Keywords: Sluggish setting of GIC, conventional setting, setting of GIC under ultrasonic waves
Introduction
Conventional GIC was introduced by Wilson and Kent in early 70’s.1 The ability of GIC to leach fluoride and adhere to the hard dental tissues made it suitable for its use in dentistry.2 Their low coefficient of thermal expansion identical to calcified tooth tissues made them a good restorative material3, but they have a poor wear resistance and are prone to fracture and moisture contamination during setting.4 They may lose water of crystallization if used in dry environment which further deteriorates their mechanical properties.5
Many of these negative effects of GIC are due to the sluggish setting of conventional GIC.6 The GIC has to bear heavy occlusal loads and increased wear during the first few days while the material is in the process of becoming fully matured.7
One solution to this slow setting is to enhance the setting rate of the cement which may be obtained by the addition of energy during the setting of the cement.8 One method of achieving this additional energy to the system is the use of ultrasonic waves.9
Surface hardness tests have been performed in the past to study the setting behavior of GIC.10 Various microhardness tests are performed for dental materials which include Brinell, Rockwell, Shore, Vickers and Knoop.3,11
Vickers hardness tester is a handy apparatus and very useful in research laboratories.11 As many studies have been done using Vicker’s hardness machine to assess surface hardness of GIC and other dental materials12, Vicker’s hardness testing has been performed in this study.
Materials and Methods
20 cylindrical samples, 5 mm in length and 2.5 mm in diameter, were prepared using Type IX GIC (Fuji Company). Ten samples were prepared by conventional setting method and designated as group “A”. The other ten samples were prepared by ultrasound setting method and designated as group “B”.
Two scoops of powder and two drops of liquid were mixed according to manufacturer’s instructions. After mixing, the cement was inserted into the PTF-e mould and filled to excess. A polyester strip was used to cover both sides of the mould for 7 minutes to allow the cement to set hard. Slight pressure was applied and the bulk of extruded excess cement was removed.

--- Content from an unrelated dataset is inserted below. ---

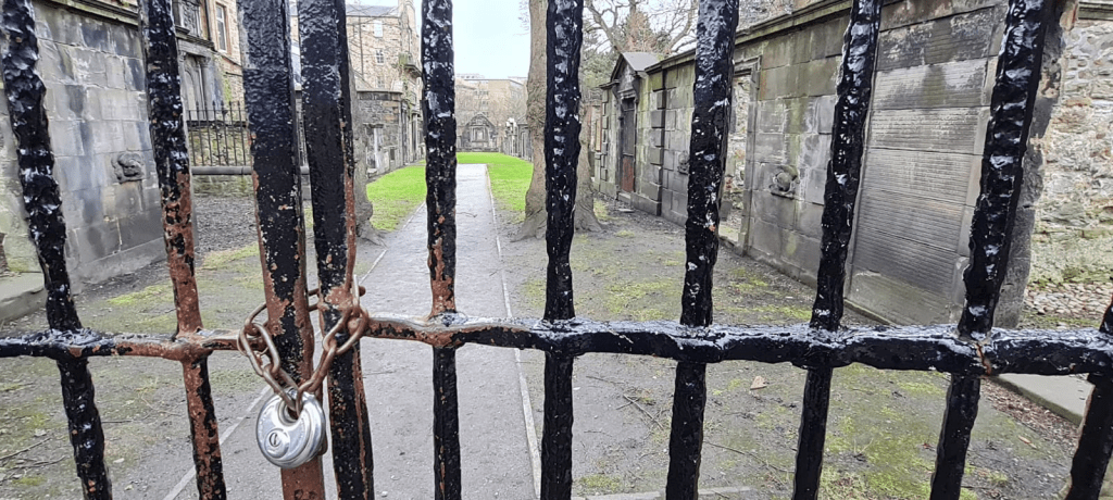 Vemos la iglesia de Greyfriars, que se terminó de construir en 1620. Actualmente es una de las pocas de Escocia donde aún se oficia regularmente misa en gaélico escocés (Gàidhlig). A un costado, en la esquina suroeste del cementerio, nos atrae una reja que bloquea el paso hacia un espacio separado, con compartimientos olvidados, a un lado y otro. Una placa nos pone en conocimiento de que el lúgubre sitio fue prisión de los Covenanters. La palabra escocesa covenant se traduce como “promesa solemne” o “documento legal”. Los Covenanters eran los miembros de un movimiento religioso de raíz presbiteriana, que nació en 1558, y que derramó su influencia hasta el siglo XVII, en Irlanda e Inglaterra.

For setting of the samples of group “B” an ultrasonic scaler, Cavitron Jet Plus (DENTSPLY Professional, USA) tip was placed on top of polyester strip for 45 seconds immediately after placing the cement into the PTF-e mould covered on both sides by polyester strip.8 The rationale behind applying ultrasonic tip was to supply energy to the system to have an intimate mixing of the cement.13
Finishing
All the samples were removed from the PTF-e mould after 7 minutes. They were finished with sequential number of grit paper mounted on a Struers Knuth Rotor- 3 finishing machine14 (LEL Diamond Tools International, Inc). Initially coarser grit paper # 1000 was used followed by finer paper # 2400 and finally # 4000. The samples were finished longitudinally on both sides.
Polishing
After finishing of the samples, polishing was done on Kent-3 Automatic Lapping and Polishing unit15 (Kemet International Ltd) using diamond polishing paste.16 The polished surfaces were examined under a microscope to see if the surfaces had a smooth finish.
Vicker’s Hardness Indentation
Immediately after polishing, one end of each sample was marked with red marker to identify it from the other uncolored end. Three micro-hardness indentations were made on each polished surface of the samples. First indentation was made at the colored end and noted as “Reading 1.” Second reading (Reading 2) was taken at the centre of the sample and the third (Reading 3) at the uncolored end of the samples. The indentations were performed under a load of 300 gm for 15 seconds.17
Optical microscopy
After the indentations, these samples were observed under Olympus BX-60 optical microscope (Olympus America, Inc.) using 20 x magnifications.
Taking image of the microindents
Image of the indents were taken by a camera connected to the Olympus BX-60 optical microscope (Olympus America, Inc.) and were viewed on the computer screen also connected to the microscope. The images were viewed and saved using a computer software “Pro-image.”
Vickers hardness test
This test was performed by an indenter which was pyramidal in shape having a pointed tip and a square base. The test piece was pushed against the indenter at a specific applied load (P) of 300 gm for 15 seconds. The average diagonal length (L) of the resultant indentation on the work piece was measured and the Vickers hardness number was calculated by the Equation given below
n the equation, value of K is 1.854.
Results
Microhardness values are plotted in figure 1 and clearly depict the difference between the samples in group “A” and group “B”. Group “B” samples (ultrasonically cured) have microhardness values higher than group “A” samples (conventionally cured).
Figure 1.
Comparison of microhardness values between Group A and Group B
Table 1 show the mean microhardness values of group “A” and group “B”. The values are statistically significant (P<0.05).
Table 1.
Mean Micro Hardness Values of Group “A” and Group “B”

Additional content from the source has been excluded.